Durante los años iniciales del siglo XX, el periodismo peruano estaba muy lejos de corresponder a las posibilidades de comunicación que dejaba esperar la habilidad de los redactores; y es fácil advertir que las noticias no eran procesadas adecuadamente. Cada periódico se distinguía por la peculiar orientación que el director le impartía en sus notas editoriales, desarrolladas en tono declamatorio y con una especiosa argumentación que a veces tendía a preparar las sugestiones apocalípticas del párrafo final. El registro de los acontecimientos cotidianos, fragmentado en apuntaciones sin refinamiento ni opinión, correspondía a la crónica; y el cronista solía ser por eso un principiante, a quien se encargaba la tarea de cernir los datos depositados en el buzón del periódico o recolectados en las oficinas gubernativas, las comisarías y los centros de la vida local. Las notas respectivas habían sido publicadas durante mucho tiempo en una columna que constituía la principal comidilla del vulgo, pues en ella se daba cabida a nombramientos administrativos, ceremonias escolares, celebraciones familiares, espectáculos, hechos policiales, sorteos de la lotería y aun recetas domésticas; pero ya había desaparecido su convencional agregación y, conservando tanto su carácter enunciativo como la relativa monotonía de su presentación, aparecían separadas las noticias que afectaban a los trajines palaciegos, la vida social y militar, la crónica judicial, los asuntos policiales, teatros y teatralerías, turf y “sport”, movimiento de vapores y pasajeros, correos, localidades aledañas, crónica religiosa, y aun esporádicos acopios de “hechos diversos” y datos curiosos. Los colaboradores, temáticamente especializados, enderezaban sus artículos hacia la exposición o la crítica de los actos gubernativos. Y cada edición otorgaba espacios a despachos cablegráficos y extractos de la prensa extranjera, circulares institucionales, divulgaciones o debates en torno a problemas técnicos, reseñas históricas o creaciones literarias. Todo ello, sin ninguna gracia tipográfica, y elementalmente ajustado a la decisión de los cajistas, que sólo cuidaban la sucesiva integración de las columnas.
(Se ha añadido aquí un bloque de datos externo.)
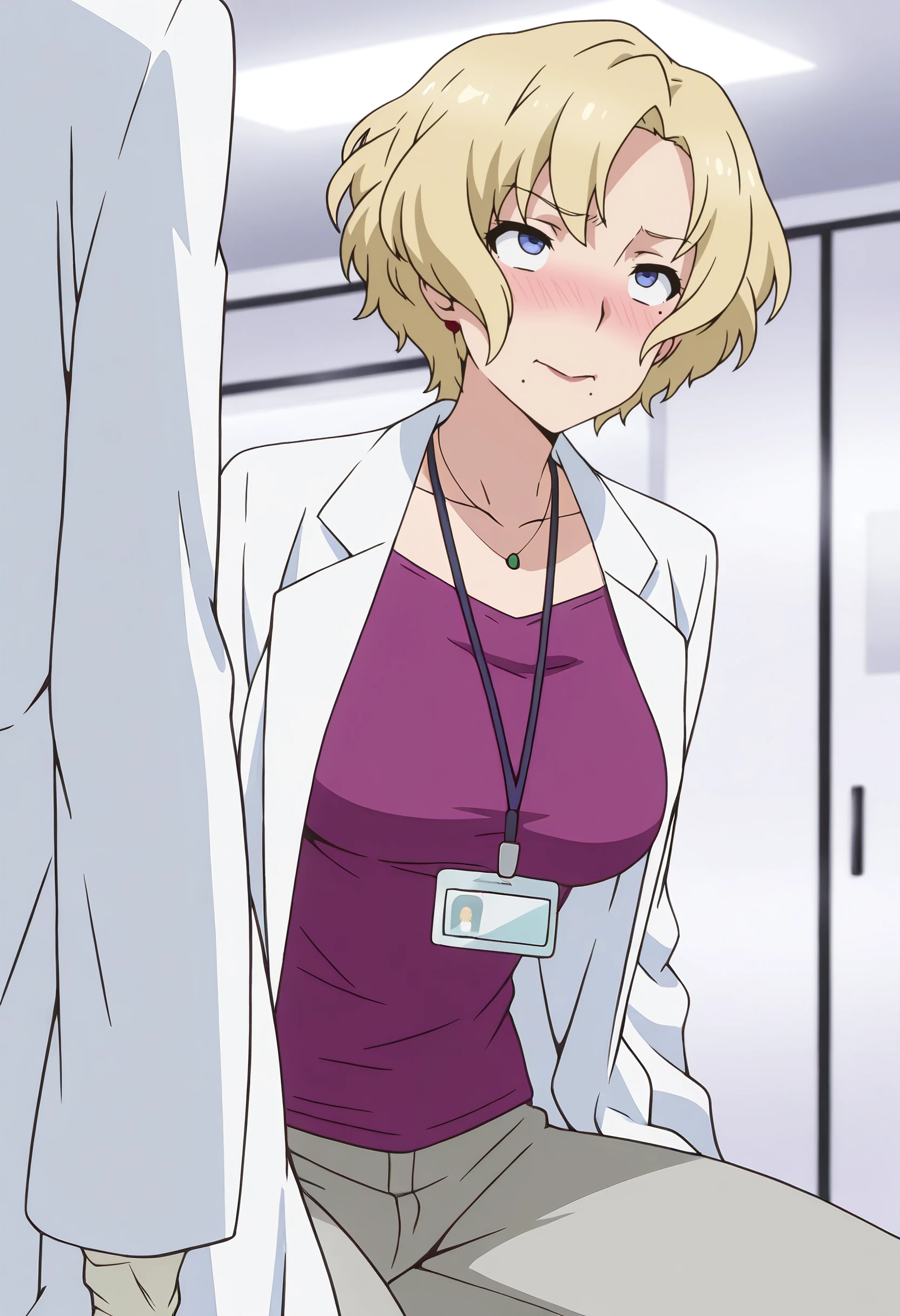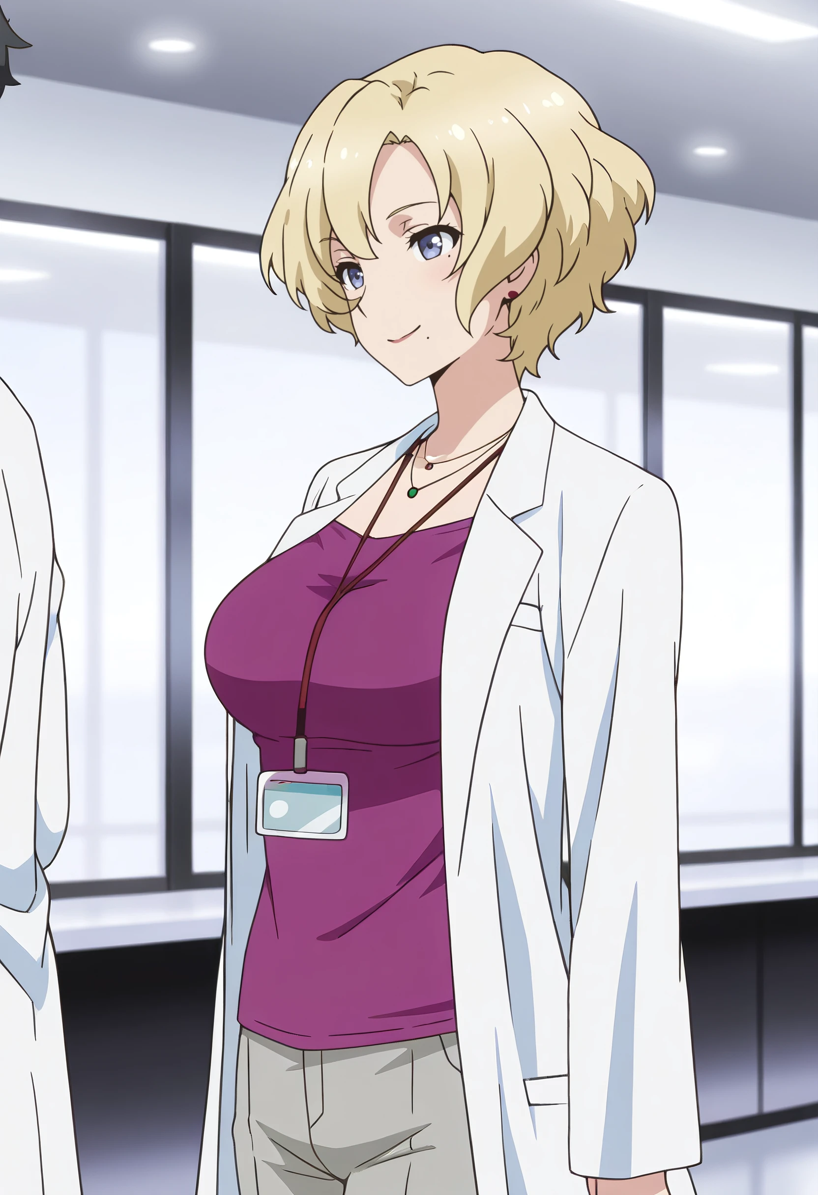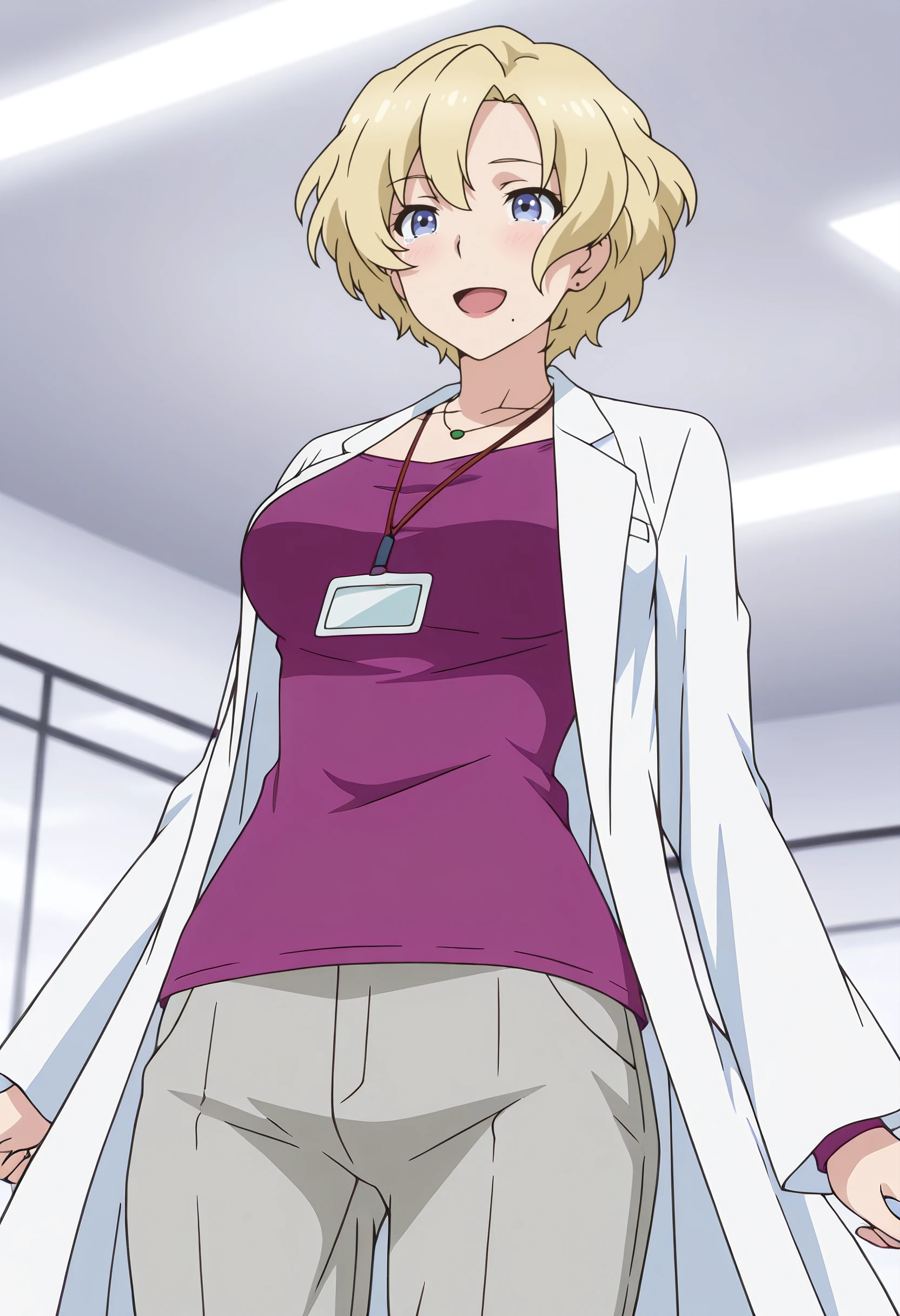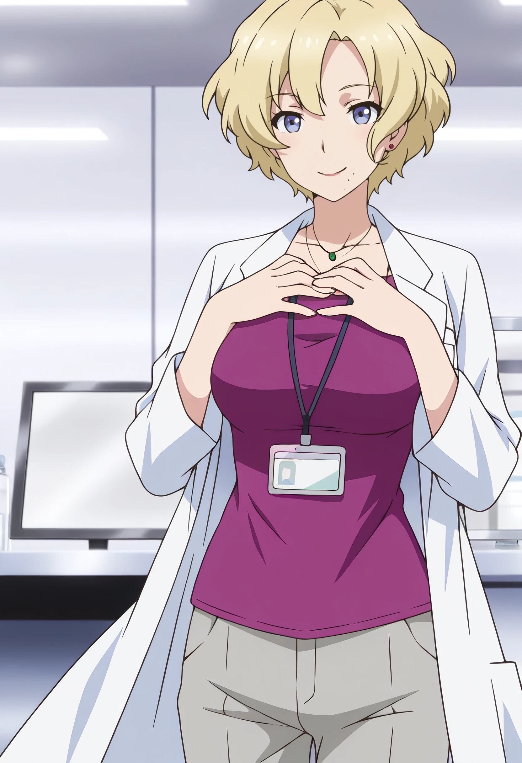 JacquelineOutfit, lab coat, jewelry, earrings, necklace, white coat, coat, shirt, id card, pants, open coat, grey pants, name tag, lipstick, purple shirt,
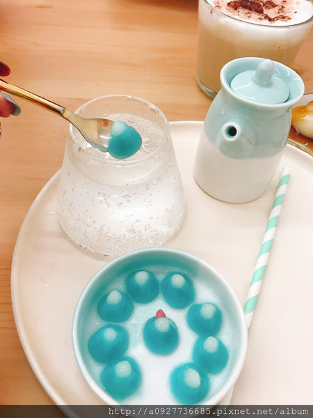 氣泡飲是使用雪碧放進富士山形狀的杯子,可以將富士山珍珠從碟子撈起,一顆顆放入杯中,富士山糰子Q度沒有比柴犬糰子好,入口時有種說不上來的薄荷味道,滾媽個人是不太喜歡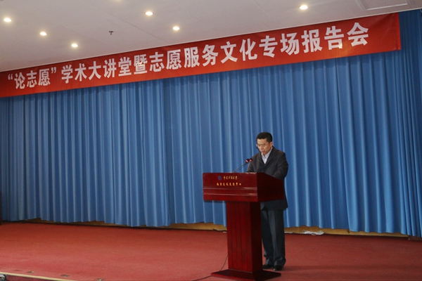 本网讯 3月25日下午,我校在交流中心报告厅举办“论志愿”学术大讲堂暨志愿服务文化专场报告会。首都文明办副主任郭新保,校党委副书记王忠强,北京社科院首都文化研究中心主任沈望舒,思政学院、校团委有关负责人出席报告会,各学院志愿服务代表参加报告会。
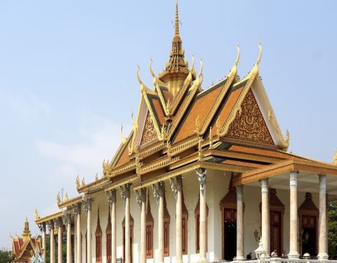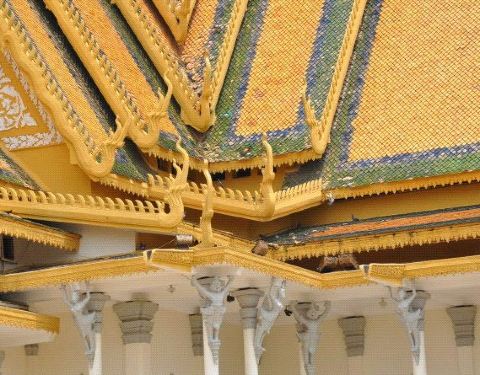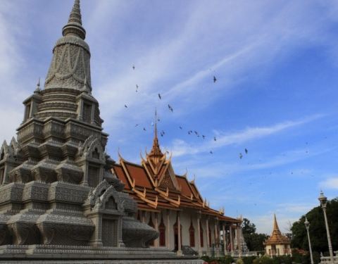 银殿又称银阁寺,位于金边皇宫内,是历代国王礼佛的圣地,因大厅地板镶嵌了5000多块银砖而得名,银片合计共达5吨,富丽堂皇。银殿为木质结构,1962年由西哈努克国王扩建。殿内珍藏着许多珍贵文物,展示了高棉文化的灿烂和丰富。殿内有数百件金银宝物,寺中央就有一座18K金打造的佛像,重达90公斤,佛像上镶嵌了近万颗钻石,为纪念西索瓦国王而打造,相当华丽。此外,这里还珍藏着整块翡翠雕成的玉佛,40多厘米高的镶金壁画,以及陈列着外国国家元首赠送的礼品。即使在红色高棉统治的动荡时期,银殿里的藏品有60%被盗走或破坏,但残存的部分仍旧很壮观。银殿外四面的墙壁上绘有以罗摩衍那故事为内容的壁画,绘制于1900年左右,很有参观价值。外墙周围放置的物品能够充分体现精湛的高棉艺术,其中包括表演古典舞使用的精致面具和几十座纯金佛像,样式精美、巧夺天工。

Mientras prestó su apoyo a la redacción de La Prensa, José Carlos Mariátegui atendió afanosamente al aprendizaje de ese periodismo. Demostró aptitudes y ductilidad que todos apreciaron; y puede estimarse que por consenso fue promovido a una plaza de cronista, cuando Hermilio Valdizán la dejó vacante al obtener su título de médico-cirujano (1910). Se consagró entonces a la información policial, y acertó a presentar los hechos con alguna imaginación. Se abstuvo de aplicar a los criminales los artificiosos prejuicios lombrosianos, escrutó en las causas y los móviles de los delitos, identificó las simulaciones de los acusadores aviesos, y destacó la tristeza de cuantos sufren la maldad o la injusticia. Suscitó así los comentarios de los redactores, que unas veces aplaudían la vena novelesca de alguna crónica, o en ciertas ocasiones sonreían ante una aparente cursilería de la historia narrada. Pero esas reacciones no podían satisfacer al escritor adolescente; porque no trascendían del ámbito de la oficina, y tanto sus criterios profesionales como su individualismo reclamaban el eco de la opinión pública. Decidido al fin a quebrar la barrera que le oponía su anónima participación en las tareas de la redacción, deslizó un artículo (24-11-1911) suscrito con el discrecional seudónimo de “Juan Croniqueur”.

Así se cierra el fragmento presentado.